Please write out exactly, without any picture, each line from the first in the listing through the line that includes "Glass seed beads".

▶ **Excerpted records**

•••

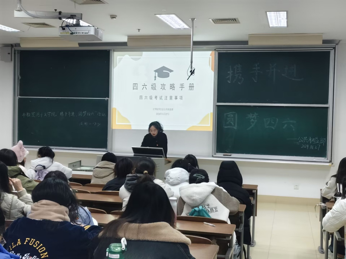 11月27日,公司开展了“携手并进,圆梦四六”为主题的四六级考试指导活动。此次活动旨在帮助同学们全面了解四六级考试,掌握高效备考方法,以良好的心态迎接考试现场吸引了众多同学参与,气氛热烈。
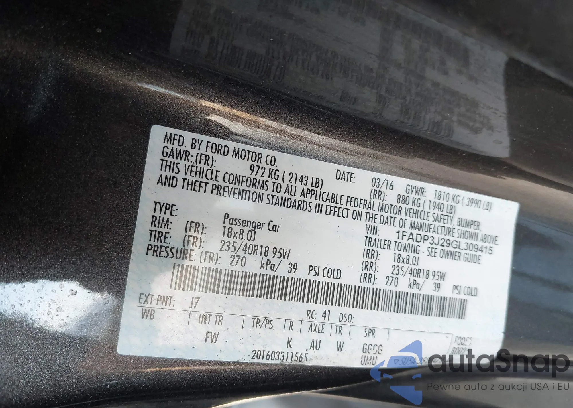 • VIN 1FADP3J29GL309415
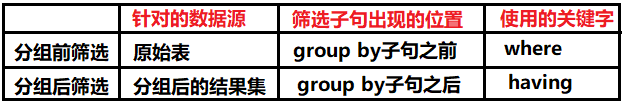 只要是需求中,涉及到聚合函數(shù)做條件的情況,一定是分組后的篩選。能用分組前篩選的,就優(yōu)先考慮分組前的篩選。(考慮到性能問題)
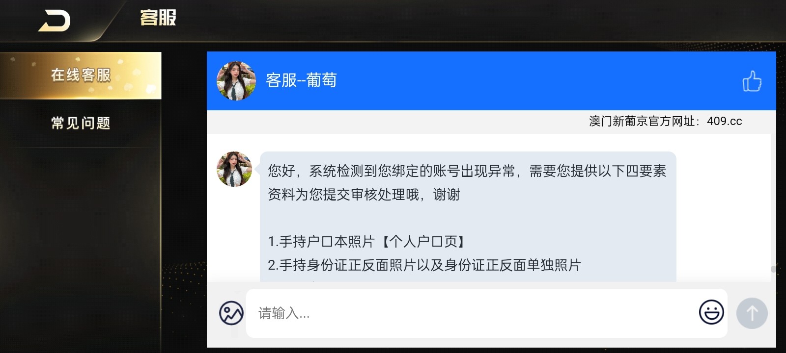 今天短信直接给的账号密码送了64.09彩金,登上去用彩金打到1200,提现需要充值余额的百分之30,充了400,然后提现退回了,找客服让我提供手持身份证,手持银行卡,手持个人户口本,还有一份当日报纸手持,这种情况有必要给他提供吗?
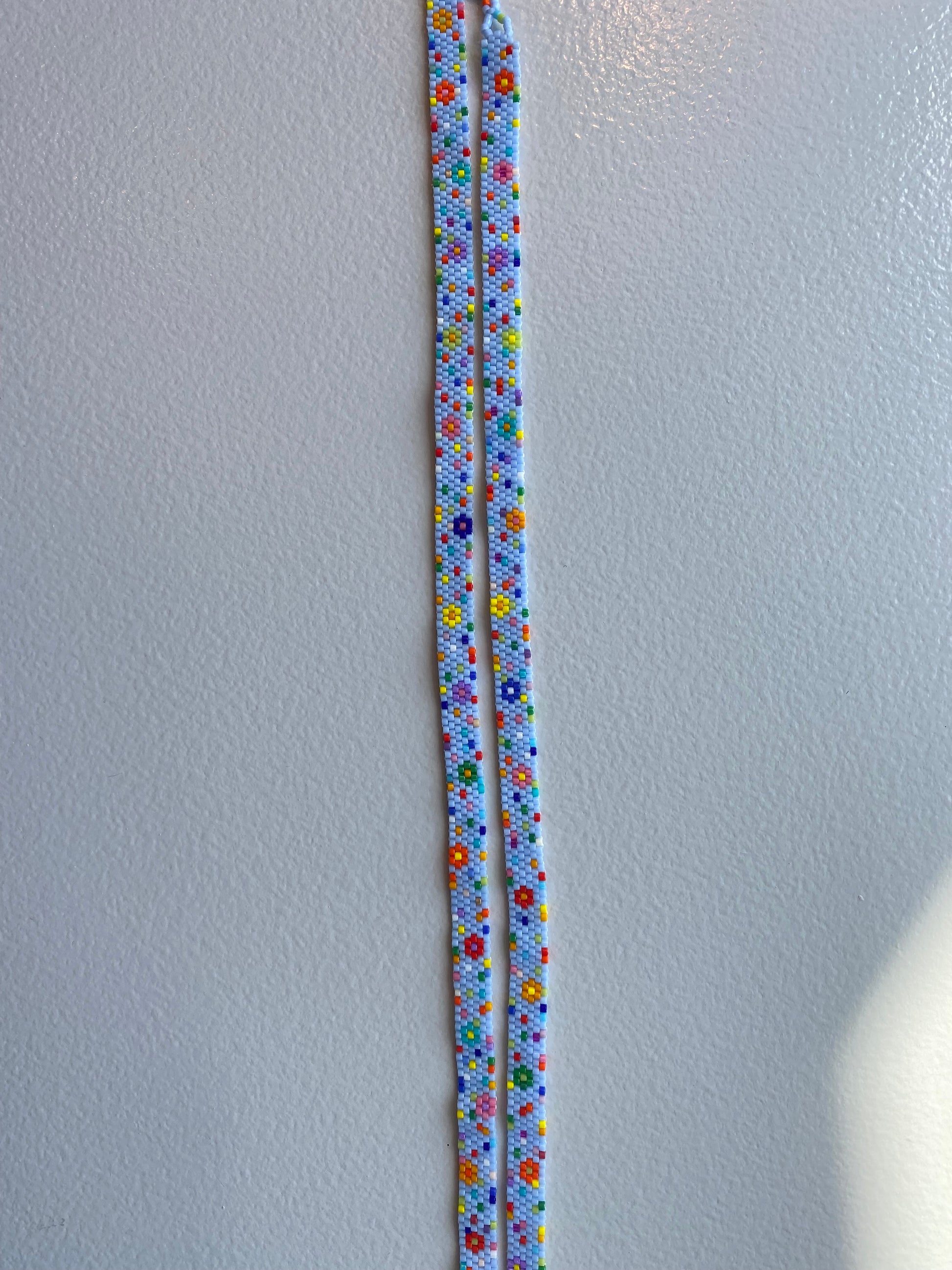 Glass seed beads hand stitched with sterling silver clasp.
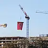 Operatör, vinç ucuna astığı dev Türk bayrağını akşam saatlerinde gökyüzünde dalgalandırarak kutlamaya renk kattı. Görüntüyü izleyen vatandaşlar, operatörün bu davranışına alkışlarla karşılık verdi.
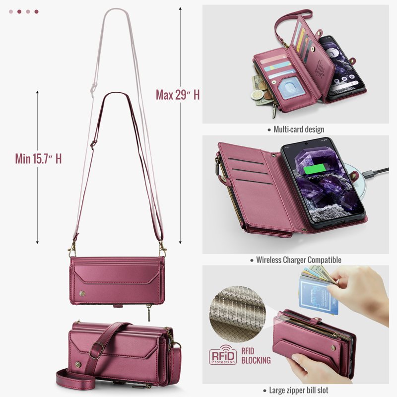 - Generösa kort- och kontantfack - Innehåller 10 kortfack, 1 kontantfack, 1 dragkedjefack och en dedikerad myntficka för organiserad förvaring.
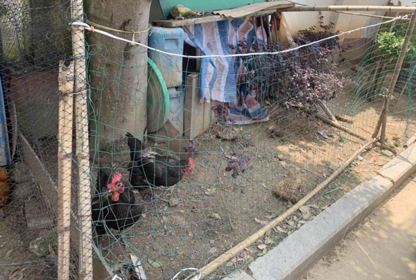 同道農業科技公司外墻邊居民擅自圈地養雞現象。
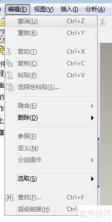 4、 在菜单栏点击编辑,可看到复制、粘贴、重做、剪切等选项。由于绘图区域尚未绘制图形,这些命令目前均显示为灰色不可用状态。
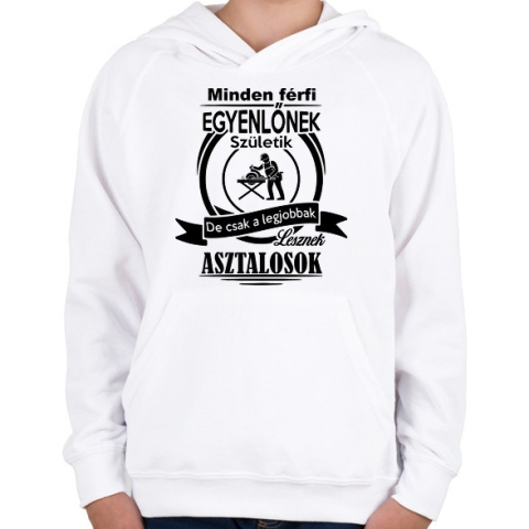 1 kép PRINTFASHION minden férfi asztalosnak születik - Gyerek kapucnis pulóver - Fehér
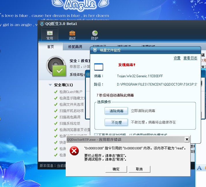 回复:瑞星全功能安全软件2010二阶段公测,恶意网址拦截可能有问题?qq医生也没法用了?
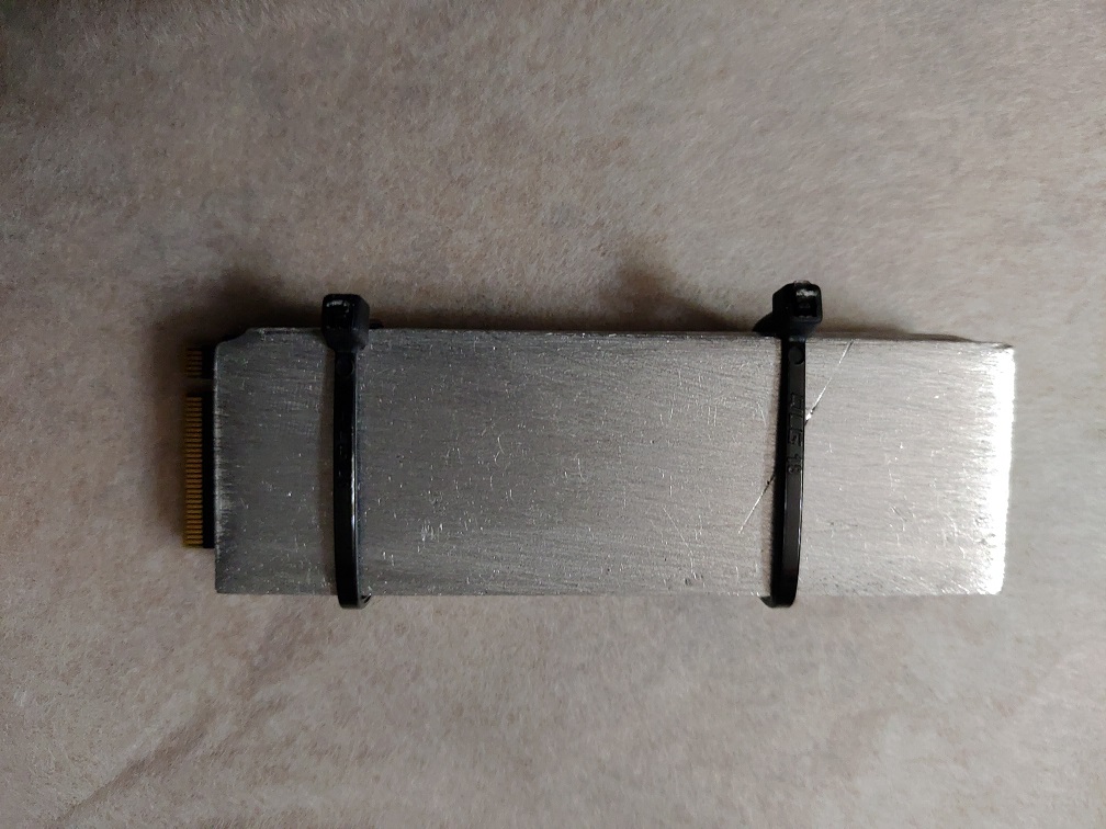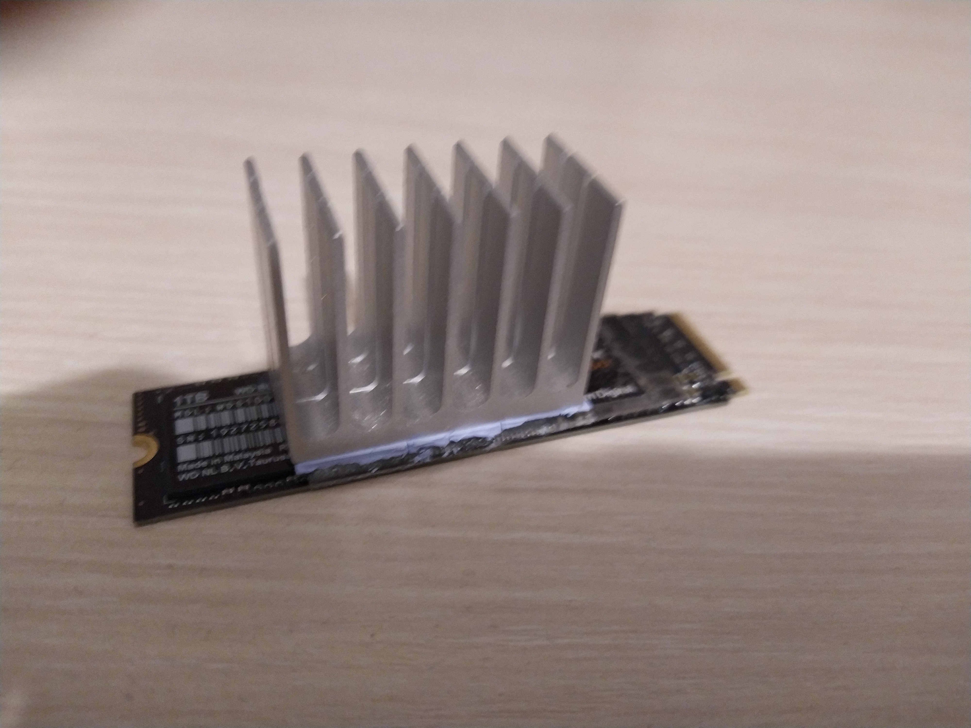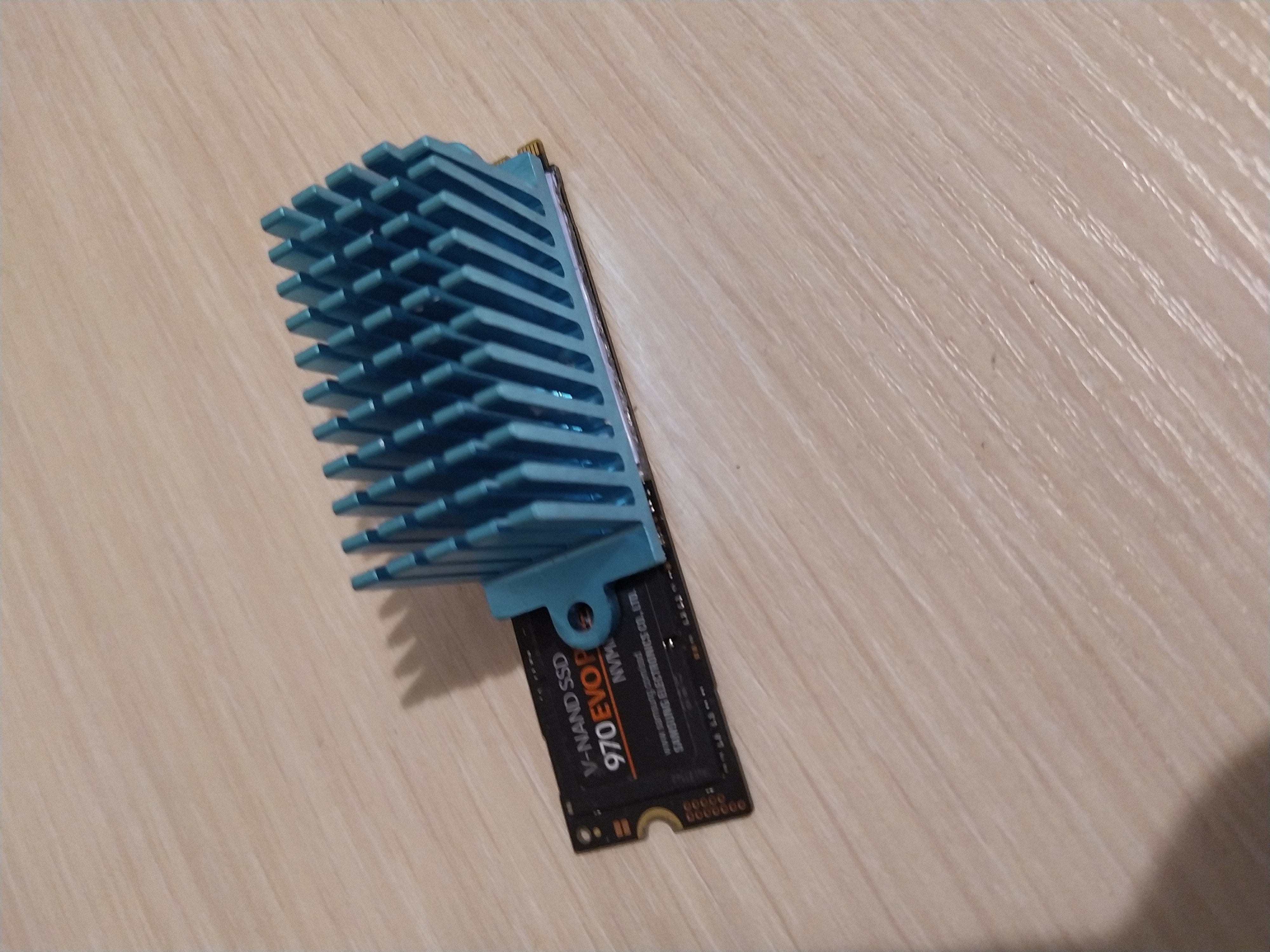 Сегодня поставил на Samsung 970 Evo+ вырезанный алюминиевый брусок(из AMG6-марка стали), размером 80Х22Х8мм прямо на наклейку. Капнул МХ4, там где зазоры образовались и стянул всё это дело нейлоновыми стяжками. Главное стяжки делать аккуратнее,на двух точках соприкосновения памяти и контроллера с радиатором. Чипы памяти толще контроллера, перекос получается и можно текстолит погнуть(он очень тонкий), или вообще пайку чипов оторвать. В результате получил 47 градусов память и 52 градуса контроллер. Без радиатора температура была под нагрузкой 65 градусов память и 85ть контроллер. Как-то так... До этого был ADATA SX8000NP 240GB, который уходил в троттлинг при 60ти градусах. Такая же конструкция не давала ему разогреваться выше 50ти градусов, чего вполне было достаточно для нормальной работы. З.Ы. Со стороны это выглядит колхозом, но главное со своей задачей справляется, а в корпусе не видно вообще. Ну и стоило это мне 0рублей и 0копеек.)

•••

▶ **Result below**
 11月27日,公司开展了“携手并进,圆梦四六”为主题的四六级考试指导活动。此次活动旨在帮助同学们全面了解四六级考试,掌握高效备考方法,以良好的心态迎接考试现场吸引了众多同学参与,气氛热烈。
 • VIN 1FADP3J29GL309415
 只要是需求中,涉及到聚合函數(shù)做條件的情況,一定是分組后的篩選。能用分組前篩選的,就優(yōu)先考慮分組前的篩選。(考慮到性能問題)
 今天短信直接给的账号密码送了64.09彩金,登上去用彩金打到1200,提现需要充值余额的百分之30,充了400,然后提现退回了,找客服让我提供手持身份证,手持银行卡,手持个人户口本,还有一份当日报纸手持,这种情况有必要给他提供吗?
 Glass seed beads hand stitched with sterling silver clasp.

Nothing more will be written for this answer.